▸ **DATASET RECORDS**
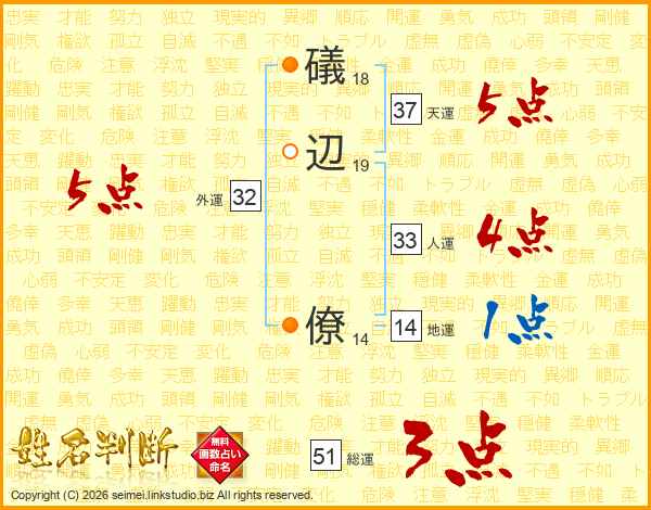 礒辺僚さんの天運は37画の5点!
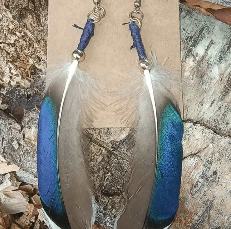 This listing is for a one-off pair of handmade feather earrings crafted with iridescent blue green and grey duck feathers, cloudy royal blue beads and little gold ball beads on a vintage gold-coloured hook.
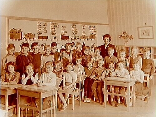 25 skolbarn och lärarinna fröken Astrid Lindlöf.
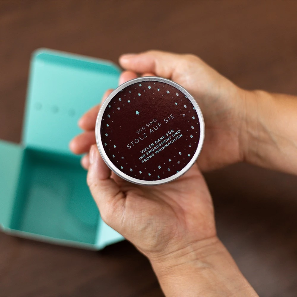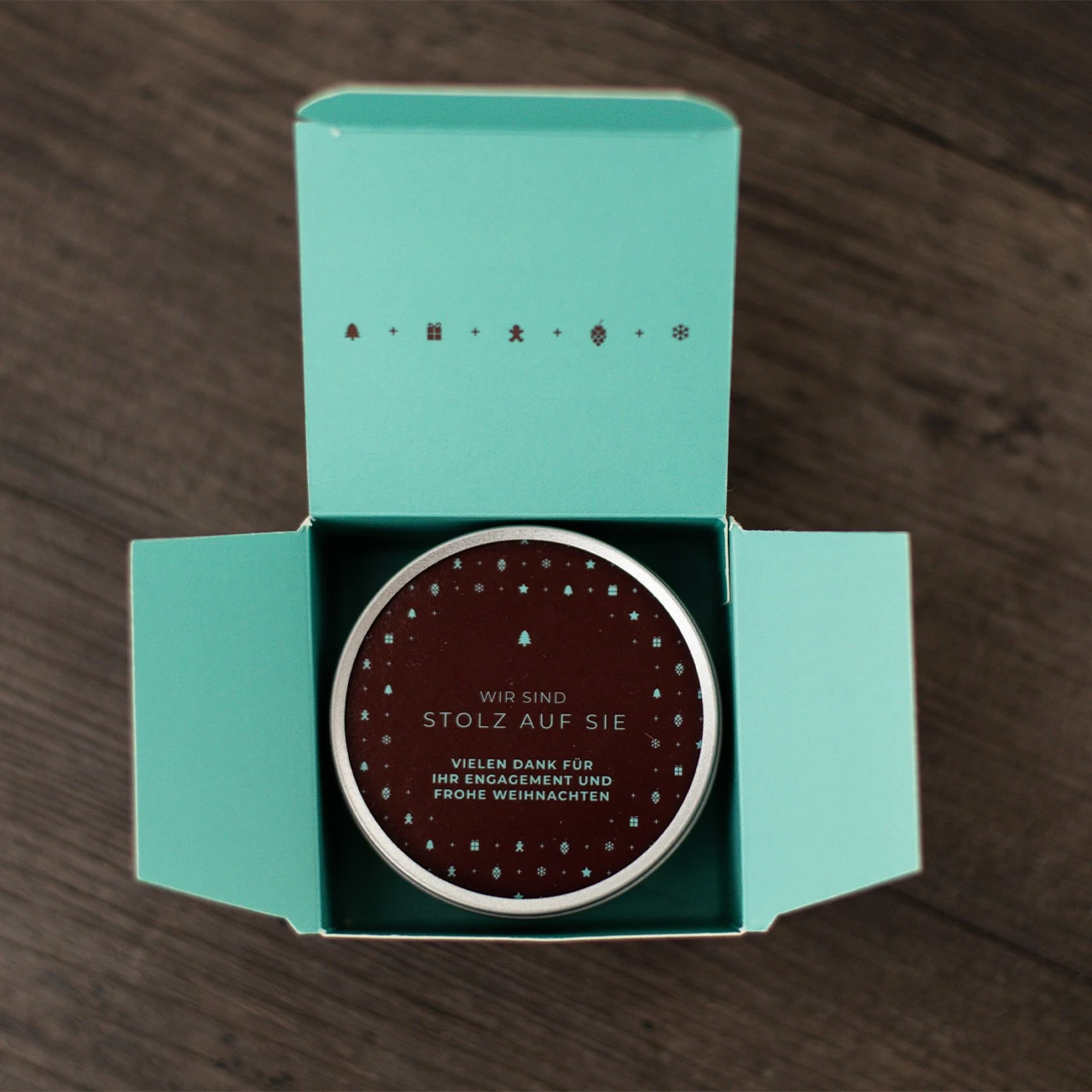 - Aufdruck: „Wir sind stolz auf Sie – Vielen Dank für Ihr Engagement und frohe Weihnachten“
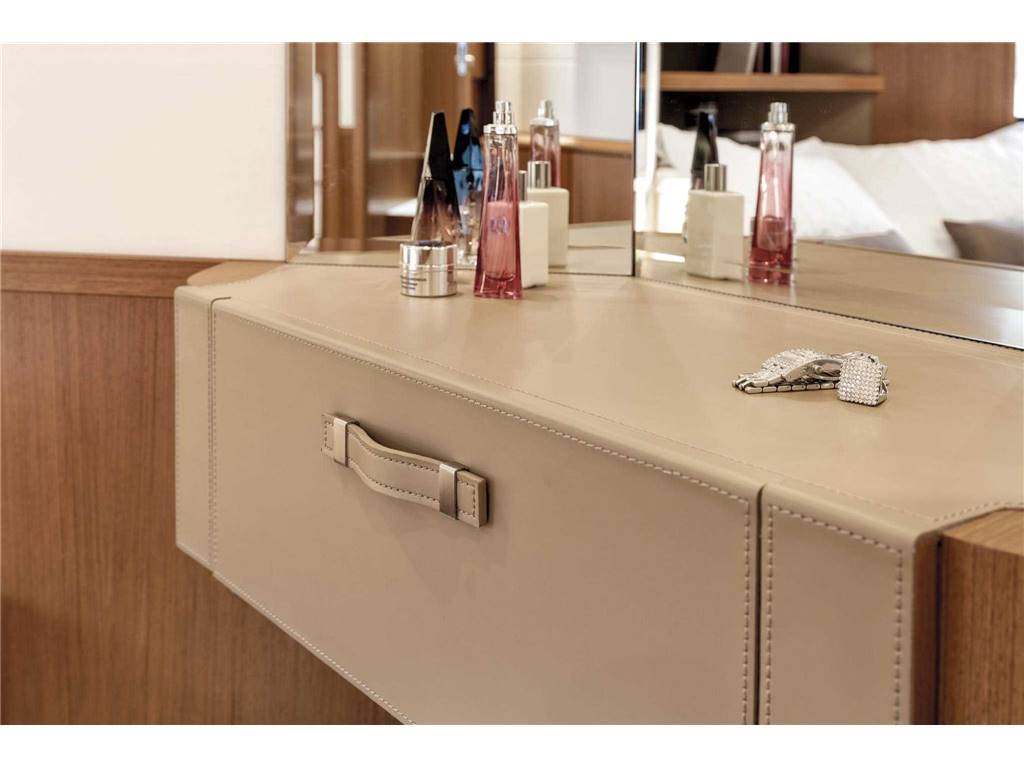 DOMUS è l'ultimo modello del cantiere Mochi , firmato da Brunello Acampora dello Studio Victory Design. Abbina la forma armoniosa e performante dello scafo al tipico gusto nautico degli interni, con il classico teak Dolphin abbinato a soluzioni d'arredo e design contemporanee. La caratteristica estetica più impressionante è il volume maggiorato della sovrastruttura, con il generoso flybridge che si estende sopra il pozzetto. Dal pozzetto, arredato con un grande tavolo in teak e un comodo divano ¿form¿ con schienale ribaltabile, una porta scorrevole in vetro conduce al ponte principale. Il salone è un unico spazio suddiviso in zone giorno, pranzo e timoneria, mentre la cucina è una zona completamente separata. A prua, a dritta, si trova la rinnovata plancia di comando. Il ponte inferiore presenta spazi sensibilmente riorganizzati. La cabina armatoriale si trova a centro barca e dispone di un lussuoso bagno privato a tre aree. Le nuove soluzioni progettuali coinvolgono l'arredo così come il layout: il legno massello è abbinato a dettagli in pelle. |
==
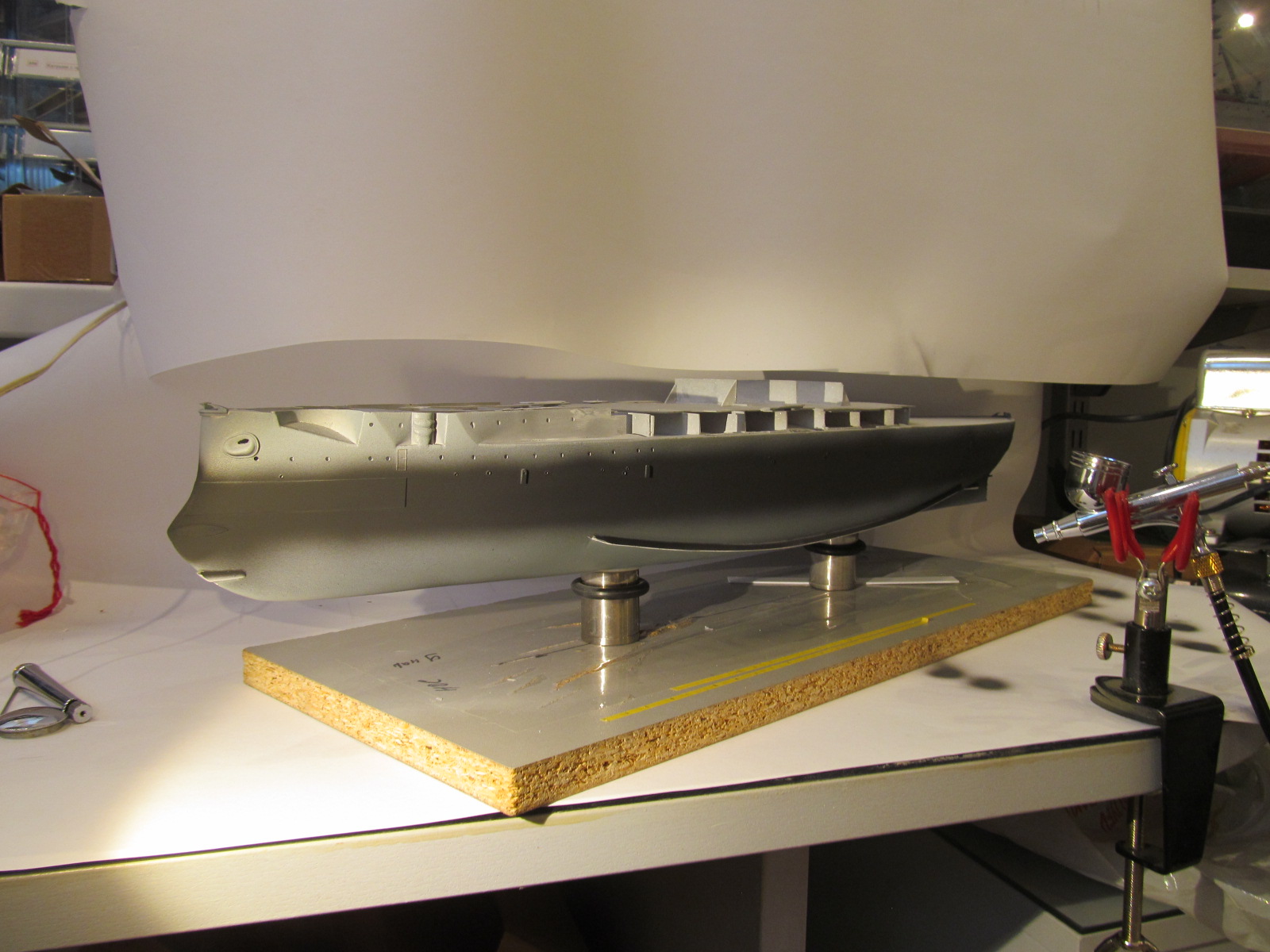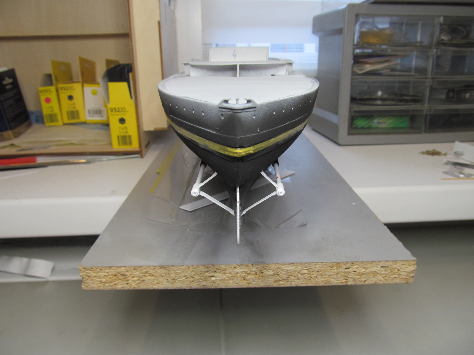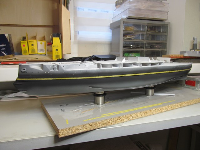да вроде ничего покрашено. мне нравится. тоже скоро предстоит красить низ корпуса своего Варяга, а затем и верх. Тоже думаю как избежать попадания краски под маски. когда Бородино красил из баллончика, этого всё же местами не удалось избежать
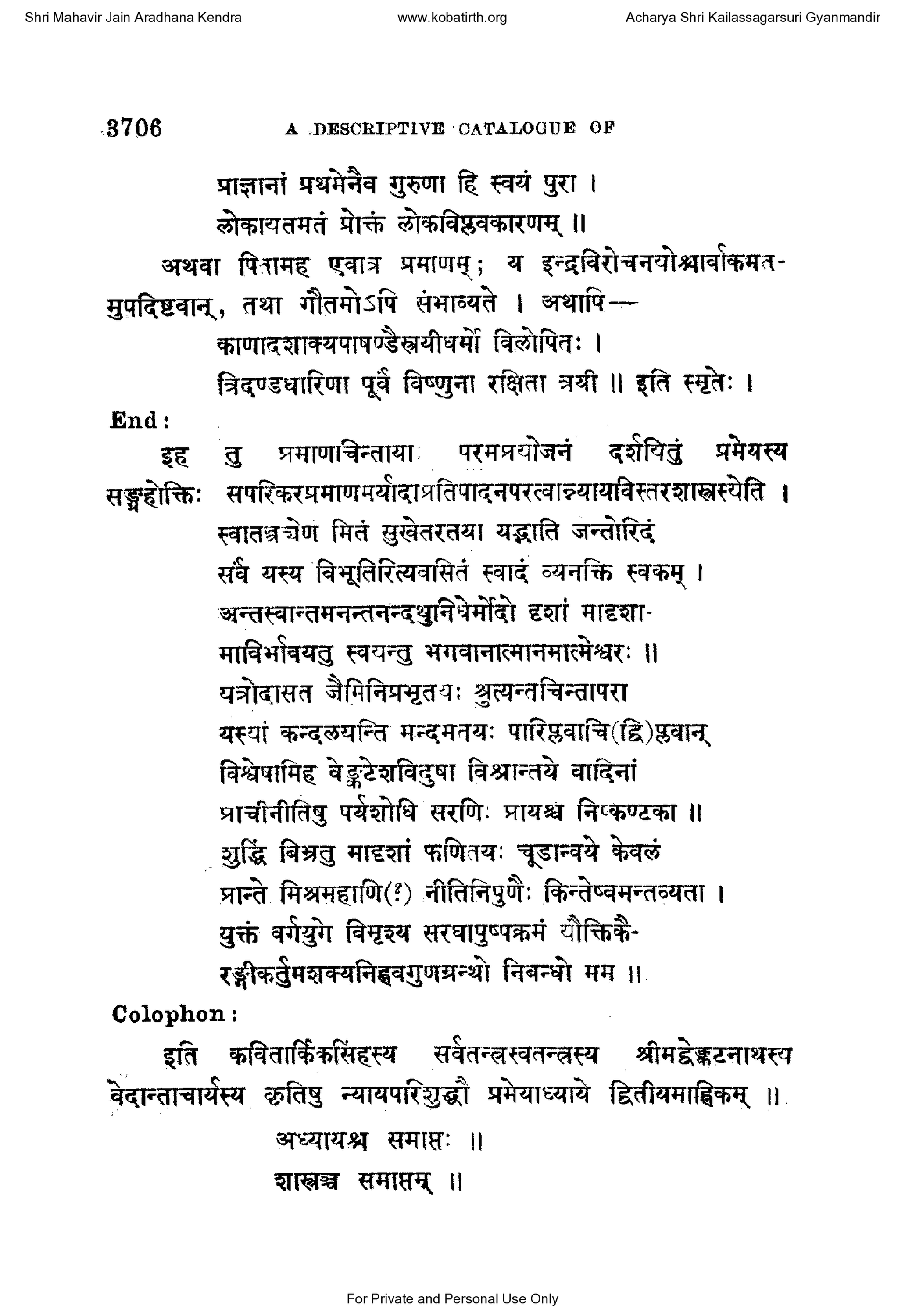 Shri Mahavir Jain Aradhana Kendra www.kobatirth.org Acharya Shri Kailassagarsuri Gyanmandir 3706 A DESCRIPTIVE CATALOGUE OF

▸ **EXERCISE DESCRIPTION**
Starting with the line that has "礒辺僚さんの天運は37画の5点!" and going on through the line that has "25 skolbarn och", transcribe the records above exactly, but skip the pictures.

▸ **WRITTEN REPLY**
 礒辺僚さんの天運は37画の5点!
 This listing is for a one-off pair of handmade feather earrings crafted with iridescent blue green and grey duck feathers, cloudy royal blue beads and little gold ball beads on a vintage gold-coloured hook.
 25 skolbarn och lärarinna fröken Astrid Lindlöf.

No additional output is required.